RECORDS FOR THIS EXERCISE Start Marker

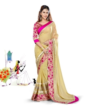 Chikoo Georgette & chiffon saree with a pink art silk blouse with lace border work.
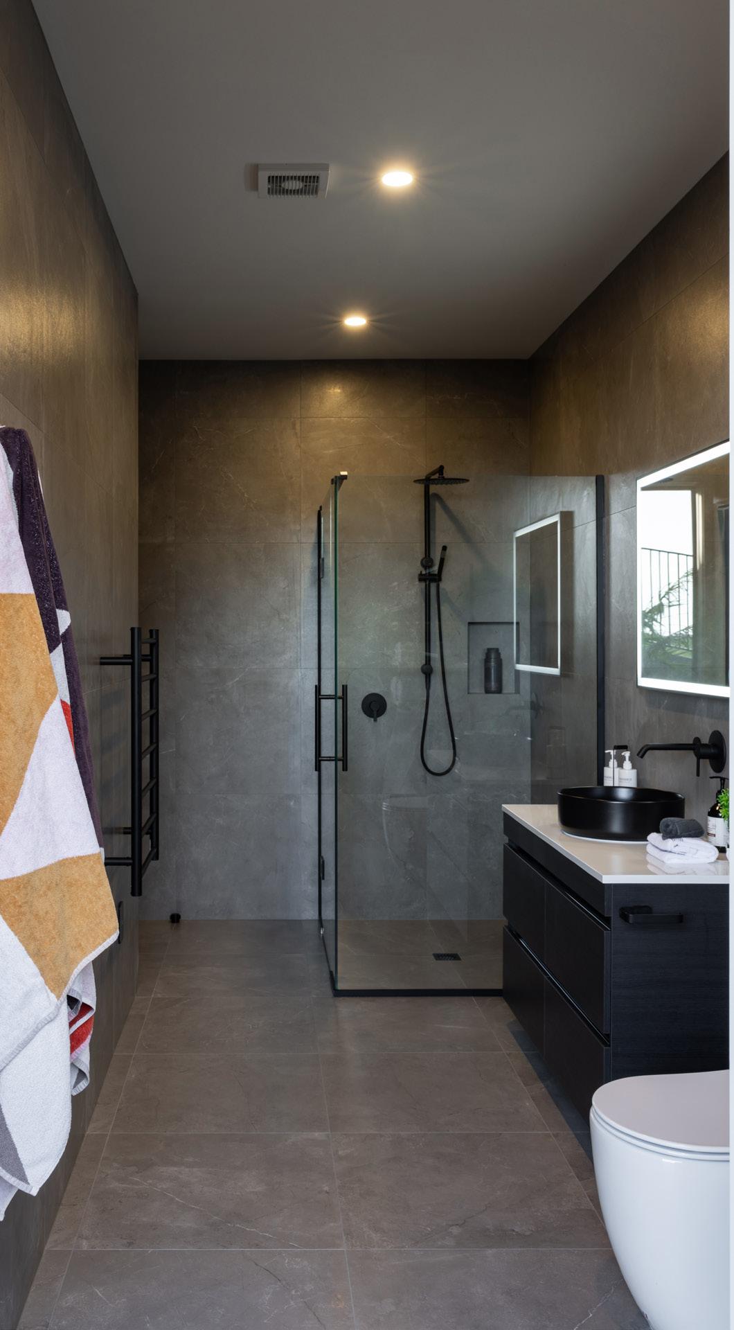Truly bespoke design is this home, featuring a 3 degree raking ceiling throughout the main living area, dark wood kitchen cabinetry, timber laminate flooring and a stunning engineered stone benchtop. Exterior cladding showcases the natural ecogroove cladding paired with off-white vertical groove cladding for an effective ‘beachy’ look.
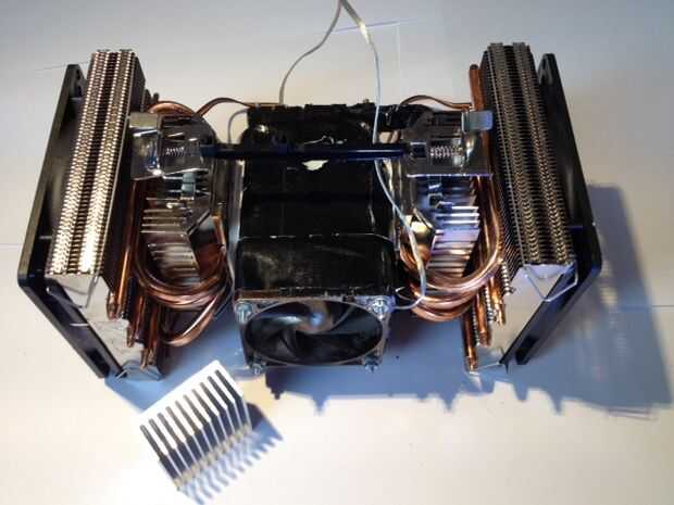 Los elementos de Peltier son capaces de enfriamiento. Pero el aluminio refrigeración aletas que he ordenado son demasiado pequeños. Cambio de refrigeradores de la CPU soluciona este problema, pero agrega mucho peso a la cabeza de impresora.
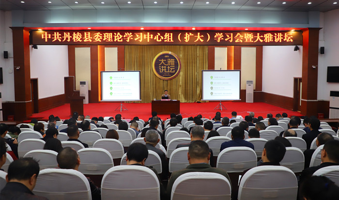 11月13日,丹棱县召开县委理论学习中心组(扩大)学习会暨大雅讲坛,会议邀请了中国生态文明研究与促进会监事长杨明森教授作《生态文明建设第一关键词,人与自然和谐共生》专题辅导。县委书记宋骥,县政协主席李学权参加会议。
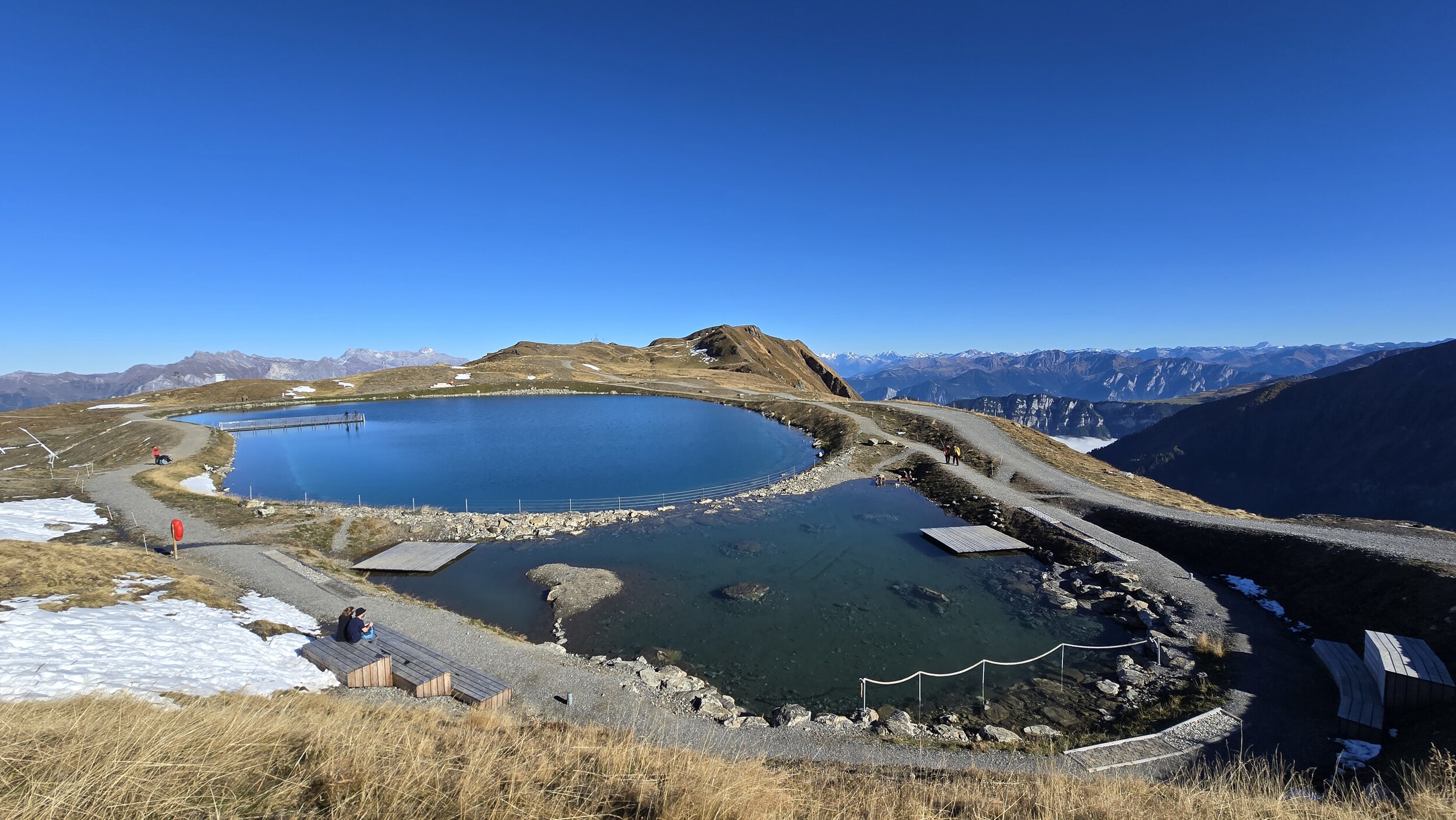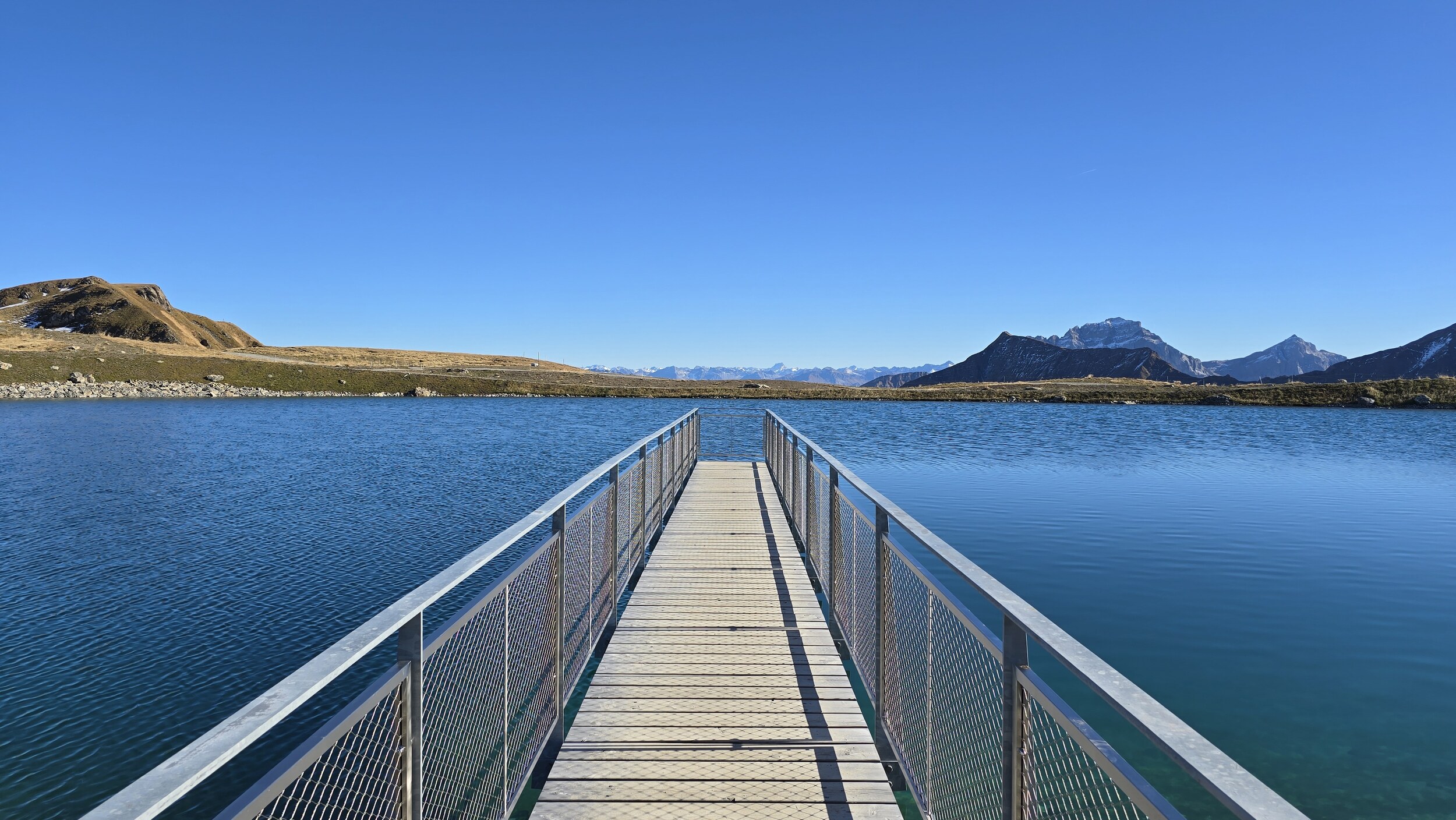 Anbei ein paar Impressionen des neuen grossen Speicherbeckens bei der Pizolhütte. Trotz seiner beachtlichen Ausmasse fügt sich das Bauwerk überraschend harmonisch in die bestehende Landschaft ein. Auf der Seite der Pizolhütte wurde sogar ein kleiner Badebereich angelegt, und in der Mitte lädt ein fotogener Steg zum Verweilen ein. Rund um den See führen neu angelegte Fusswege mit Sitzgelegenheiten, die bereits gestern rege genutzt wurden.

RECORDS FOR THIS EXERCISE End Marker

- WORK INSTRUCTIONS
Write the entries above out in full, exactly, with no images.

- RESULT FOR THIS TASK
 Chikoo Georgette & chiffon saree with a pink art silk blouse with lace border work.
Truly bespoke design is this home, featuring a 3 degree raking ceiling throughout the main living area, dark wood kitchen cabinetry, timber laminate flooring and a stunning engineered stone benchtop. Exterior cladding showcases the natural ecogroove cladding paired with off-white vertical groove cladding for an effective ‘beachy’ look.
 Los elementos de Peltier son capaces de enfriamiento. Pero el aluminio refrigeración aletas que he ordenado son demasiado pequeños. Cambio de refrigeradores de la CPU soluciona este problema, pero agrega mucho peso a la cabeza de impresora.
 11月13日,丹棱县召开县委理论学习中心组(扩大)学习会暨大雅讲坛,会议邀请了中国生态文明研究与促进会监事长杨明森教授作《生态文明建设第一关键词,人与自然和谐共生》专题辅导。县委书记宋骥,县政协主席李学权参加会议。
 Anbei ein paar Impressionen des neuen grossen Speicherbeckens bei der Pizolhütte. Trotz seiner beachtlichen Ausmasse fügt sich das Bauwerk überraschend harmonisch in die bestehende Landschaft ein. Auf der Seite der Pizolhütte wurde sogar ein kleiner Badebereich angelegt, und in der Mitte lädt ein fotogener Steg zum Verweilen ein. Rund um den See führen neu angelegte Fusswege mit Sitzgelegenheiten, die bereits gestern rege genutzt wurden.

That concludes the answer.